Two New Deal-era relief programs during the Great Depression developed many of the park's amenities. The Civilian Conservation Corps (CCC) had two companies that worked in the park between 1933 and 1935. The Works Progress Administration constructed the group camp from 1937 to 1938. The amenities completed by the CCC are the subjects of the two listings on the National Register of Historic Places.
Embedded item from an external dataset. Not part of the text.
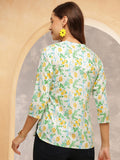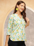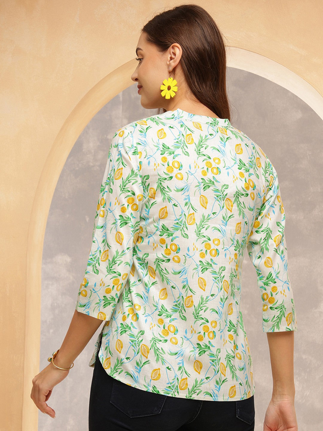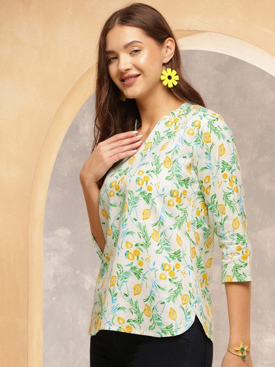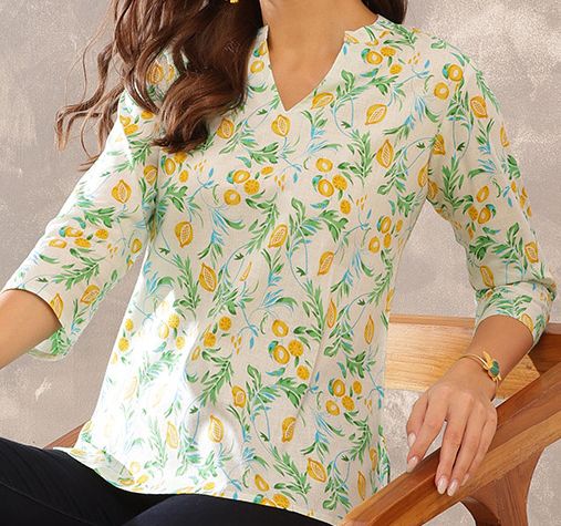 Add a splash of freshness to your everyday style with this charming lemon-printed cotton tunic. Crafted from soft and breathable cotton, this tunic features a soothing white base adorned with vibrant yellow lemons and green leafy motifs, giving it a cheerful, breezy feel. The straight-cut silhouette is designed for comfort without compromising on style.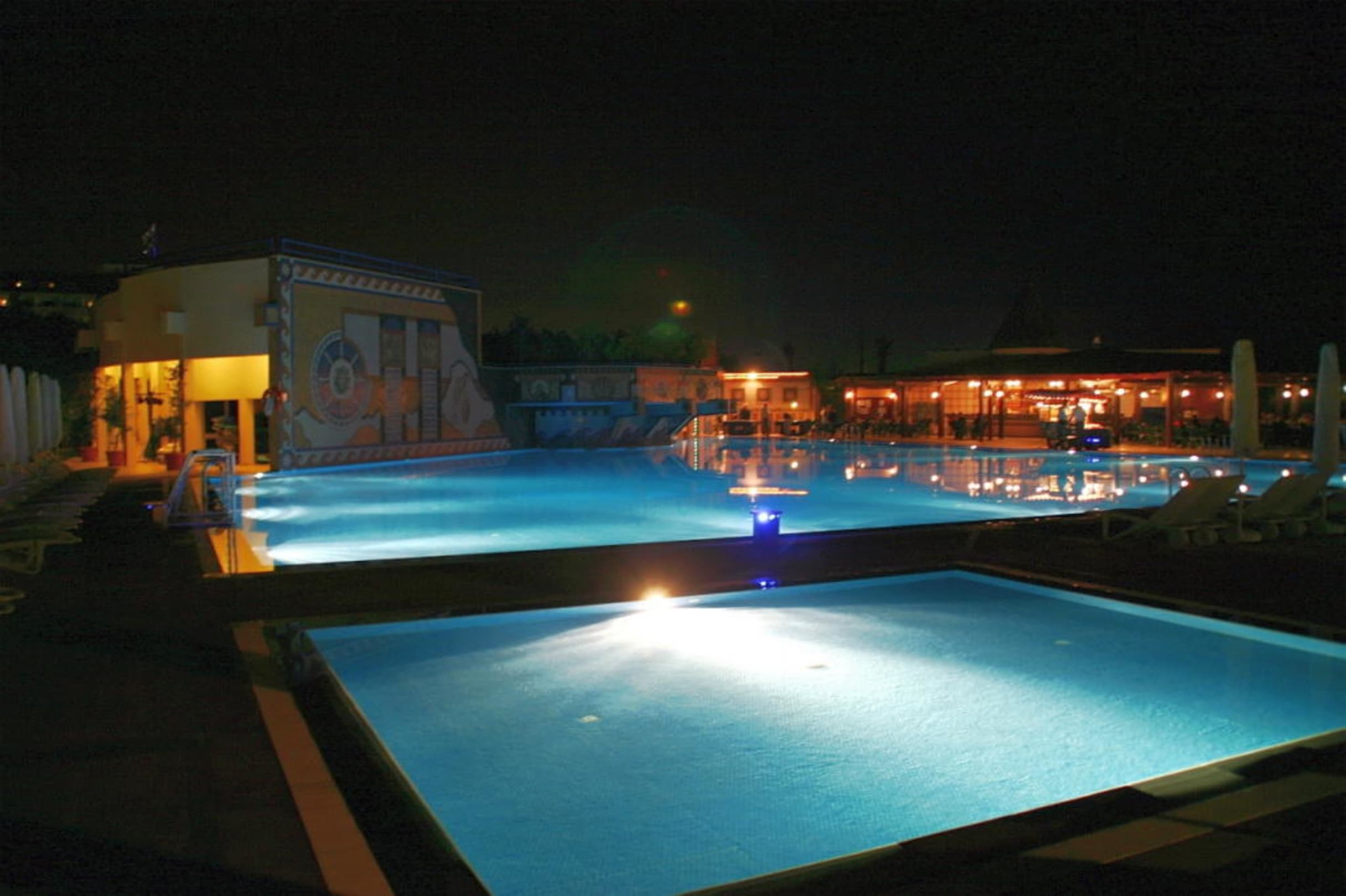 Pool und Poolbar bei Nacht

They completed the checking station and north entrance portals by the end of April 1934 and the south portals by May of the following year. The service building, which was the largest project built by the CCC in the park, was also completed in April 1934. The lodge, completed in November 1934, replaced an older structure. Its flagstone patio was finished in July 1935. A memorial to U.S. Senator Jonathan P. Dolliver, for whom the park is named, was completed in May 1935. Other projects completed by the CCC include a latrine, footbridges, culverts, stone steps along a hiking trail, the trail itself, and roads. The significance of the rustic architecture employed here, and designed by the Central Design Office in Ames, is that it was meant to blend into its natural surroundings by means of its material, design, and workmanship.

==Facilities==
The campground features 33 sites, all with electrical hookups, plus 2 camper cabins, modern restrooms, showers, and a holding tank dump station. There is a separate group camp with a dining hall, restrooms, and showers. Two lodges built in the 1930s and an open picnic shelter can be rented for private events.

==Recreation==
The park provides a boat ramp for river access. An interpretive trail follows Prairie Creek to the Copperas Beds and then leads up to the wooded blufftops.